In Britain, the book was published as Nixon in China, more accurately reflecting its American-centered perspective (MacMillan is a professor of history at Oxford University and her previous research has focused on the British Empire and modern international affairs). Chinese history asides may occasionally make China buffs gnash their teeth (for instance, a reference to the imperial tributary system as explanation for the Chinese government’s prickliness about whether China had invited Nixon or he had asked to come). While not groundbreaking in its presentation of China’s history during this period, Nixon and Mao provides a very readable overview of the American vision of China and its leaders and MacMillan’s research yields many new details about the week’s events.
There are a number of internet resources that provide more information about the Nixon visit, including photos from the Ollie Atkins Photograph Collections (the above photo of the Nixons and Zhou is from this collection) and this recent piece about the death of Mao’s English tutor, who acted as an interpreter during the visit (and whom MacMillan interviewed for her book), in the New York Times.
2/20/2008
A Coming Distraction--Rana Mitter's Modern China: A Very Short Introduction
The best way to sum up the series is that it’s made up of little books on big topics. They are all short (100 to 150 pages of text). They all have the same subtitle—as in Architecture: A Very Short Introduction (a work I’ve come to rely on in my research on Shanghai, whenever I’m trying to keep straight which treaty-port era landmarks should be called “neo-classical,” which “art deco”) and Globalization: A Very Short Introduction (a book I wrote about for Newsweek International--fittingly enough, given the brevity of the book, in a mini-review that was only about 100 words long). And each VSI (easy to remember, rhymes with CSI: I’m not sure whether the publisher or the TV producers got there first with the abbreviation) is issued in the same attractive, shrunk-down format. They are just the right size to slip into the back pocket of your jeans. Unfortunately in one sense (but fortunately for my health and the health of my research account, lest I be tempted to squander too much of it on VSIs), I generally get to and from work by bike, so consuming them en route isn’t an option (though I suppose if they came as podcasts...).

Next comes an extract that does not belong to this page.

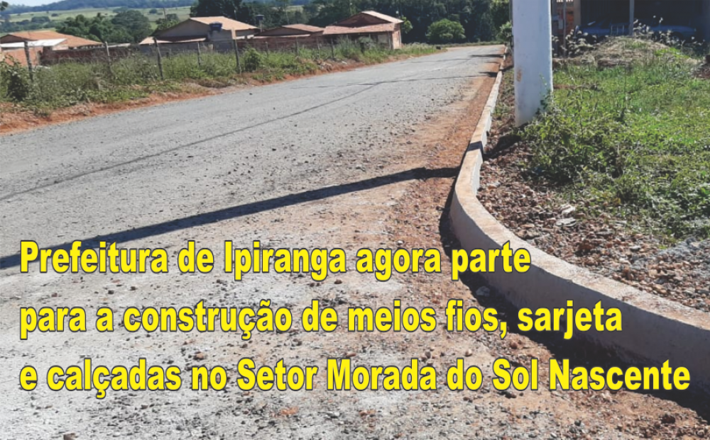 Com determinação em pavimentar toda a cidade de Ipiranga de Goiás, o Prefeito Alex Queiroz direciona seus trabalhos na finalização dos serviços no Bairro Morada do Sol Nascente. Já foi realizado a pavimentação e agora inícia a construção de meios fios, sarjetas e calçadas nas ruas do setor.

Having grown fond of the series and liking Mitter’s earlier books, The Manchurian Myth and A Bitter Revolution, I was eager to get my hands on an advance copy of Modern China, but then found myself feeling a bit anxious about reading it once it arrived. After all, it seemed possible (maybe even probable) that I’d come away disappointed, less enamored of the series than I had been. I wondered if I would feel, after reading Mitter’s latest, that the VSI were fine when dealing with subjects one knew little about (the case, for me, with architecture) or had just a passing knowledge of (the case, for me, with globalization a few years ago), but not when they were right up your alley. As it turned out, though, I needn’t have worried.
This is because there's a lot to like about this book, which covers a great deal of ground in a consistently engaging fashion and manages to remain accessible even when tackling complex issues. For example, the varied things that being “modern” has meant to Chinese actors of different generations—and the ways that the second word in the book’s title, “China,” can also turn out to have a far from simple and stable meaning.
One of the book’s many strengths is its catchy opening. Mitter begins with a quotation from a book called New China, which reads in part: “It is impossible to do other than assent to the unanimous verdict that China has at length come to the hour of her destiny…Even in the remote places we have found a new spirit—its evidence, strangely enough, the almost universal desire to learn English” (1). Mitter knows that his readers will find these lines familiar, as they come across ones like them in newspapers and magazines all the time in stories about the current phase of China’s history.
But, he stresses, the Westerners who wrote New China “did not pen their observations having landed back at Kennedy or Heathrow airports on one of the many Air China 747s that ferry thousands of travellers daily between China and the West. They wrote their book a full century ago” (2). New China, you see, may have been subtitled “a story of modern travel,” but it was published in 1910, while the Qing Dynasty (1644-1911) still clung to power and the most “modern” routes from West to East and back again were by railway or steamship.
Don’t get me wrong: much as like this opening (the rhetorical device is a familiar one, but the source was new to me and seemed particularly well chosen) and other sections as well, there is a lot in Mitter's account with which a specialist can quibble. Each of us—and I’m no exception—can find plenty of nits to pick. For example, especially if I were thinking of using this in the classroom, I would have liked to see it peppered by more quotations from Chinese sources.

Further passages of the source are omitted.